Purpose and design: Using a retrospective case series, the authors determine the frequency and clinical features of optic disc and parapapillary nerve fiber layer drusen in type I and type II Usher syndrome (congenital deafness and retinitis pigmentosa).
Methods: Color fundus photographs available on 43 patients with type I and 108 patients with type II Usher syndrome were analyzed for the presence of optic disc or parapapillary nerve fiber layer drusen.

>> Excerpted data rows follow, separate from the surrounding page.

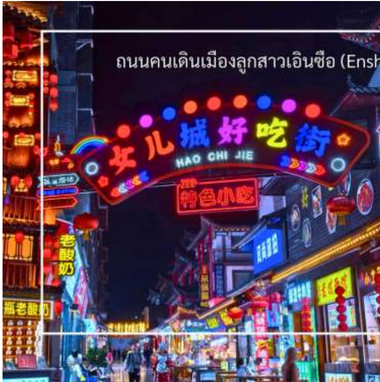
ถนนคนเดินเมืองลูกสาวเินซือ (Enshi Daughter City Pedestrian Street)
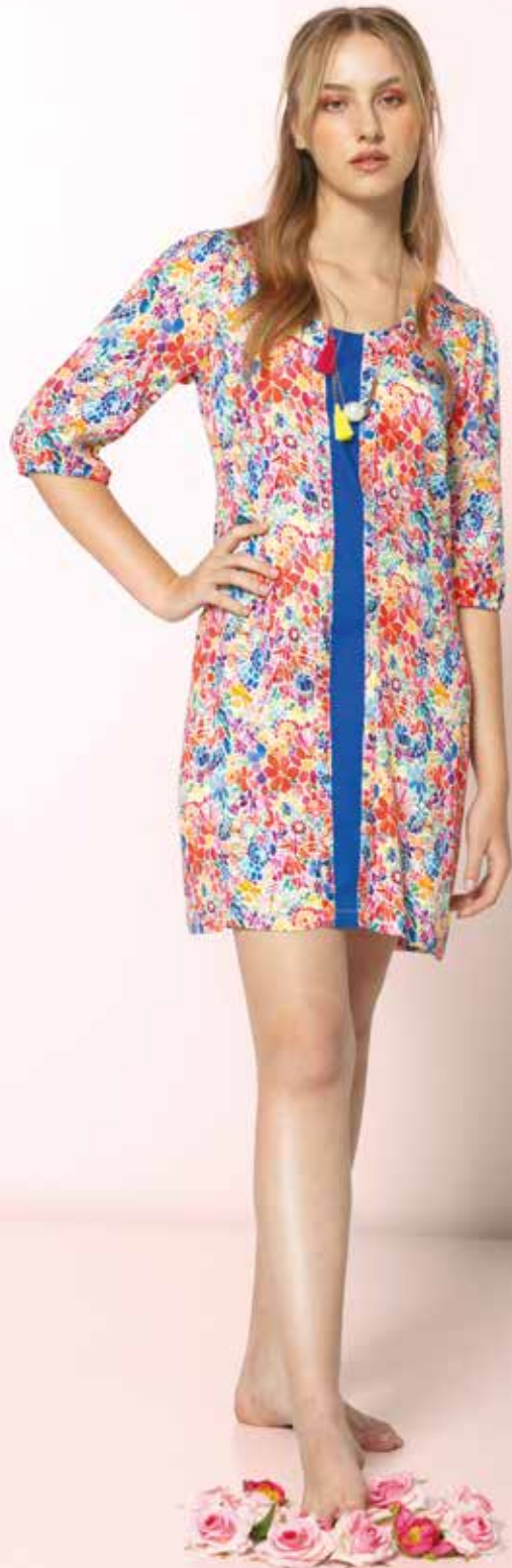
Robe _ Quartz
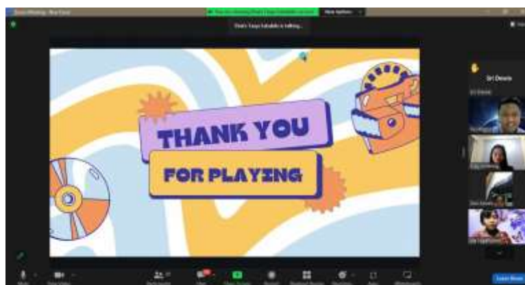
Gambar 4. Dokumentasi Sesi Ice Breaking

Setelah pemaparan materi dilakukan, dua mahasiswa kemudian memandu partisipan untuk melaksanakan permainan ice breaking yang berjalan kurang lebih selama 45 menit. Sesi ini bertujuan untuk menghilangkan kejenuhan dan mencairkan suasana melalui berbagai permainan yang telah disiapkan, yakni berhitung cepat harga suatu barang dan tebak tokoh entrepreneur terkenal. Setelah waktu yang diberikan habis, seluruh partisipan dihimbau untuk bergabung kembali ke main room untuk melanjutkan sesi selanjutnya.
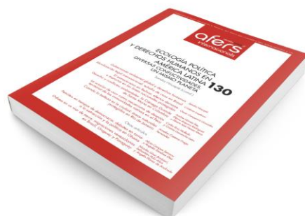
Revista CIDOB d'Afers Internacionals 130

ECOLOGÍA POLÍTICA Y DERECHOS HUMANOS EN AMÉRICA LATINA: diversas conflictividades, un mismo planeta
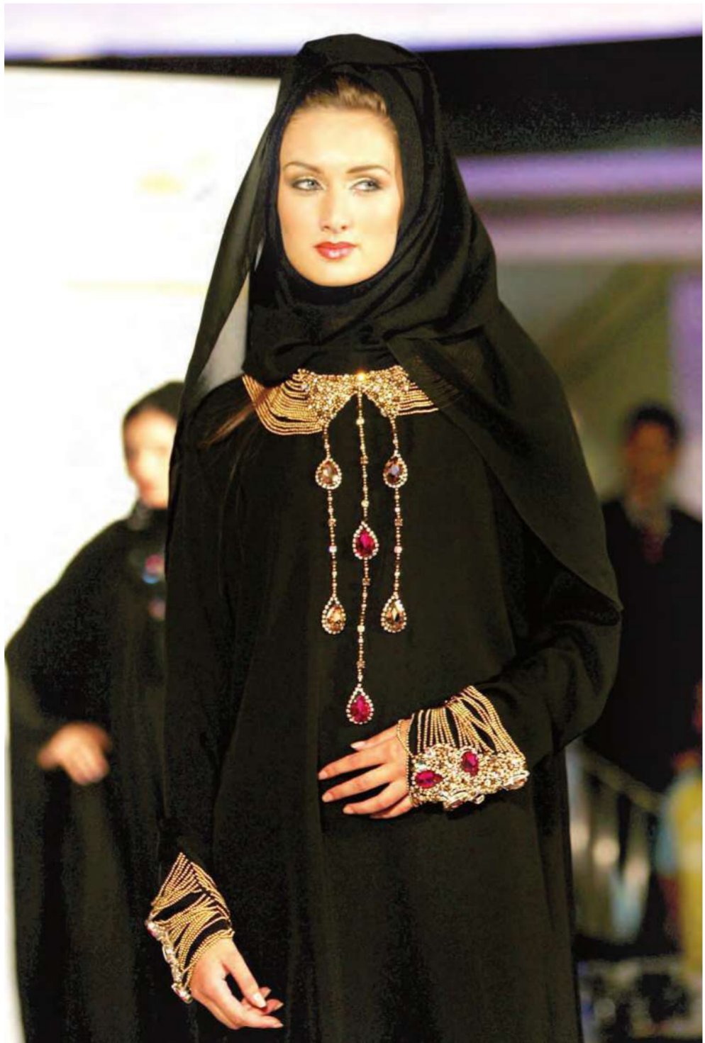
عارضة ترتدي زياً خلال عرض هنادي للأزياء لـ«الشفال والعباية» في دبي أمس

قررت صناعة أفلام وثائقية بريطانية الاستغناء عن الصابون وعن حمامها اليومي وعن كل وسائل النظافة الأخرى، مدة 6 أسابيع، لترى ماذا يمكن أن يحصل لجسدها. وذكرت صحيفة «دايلي مايل» البريطانية أن نيكي تايلور رمت في القمامة بكيسين مليئين بمستحضرات للنظافة والتجميل، وقررت التوقف عن أخذ حمامها الصباحي بعد التمارين

Results: Optic disc and/or parapapillary nerve fiber layer drusen were observed in 15 (35%) of 43 patients with type I Usher syndrome and 9 (8%) of 108 patients with type II Usher syndrome for whom color photographs were available. Bilateral drusen were observed in 11 patients (73%) with type I and 3 patients (33%) with type II Usher syndrome. In 3 (20%) of the 15 patients with type I and in 5 (56%) of the 9 patients with type II, only an isolated druse was seen. Six of the 15 patients with type I Usher syndrome showed parapapillary nerve fiber layer drusen, whereas the drusen were within the optic disc in all 9 patients with type II.
Conclusions: Drusen of the optic disc and parapapillary nerve fiber layer tended to occur more frequently in type I than type II Usher patients and also were more often bilateral and multiple, with a tendency to occur in the parapapillary region and within the optic disc.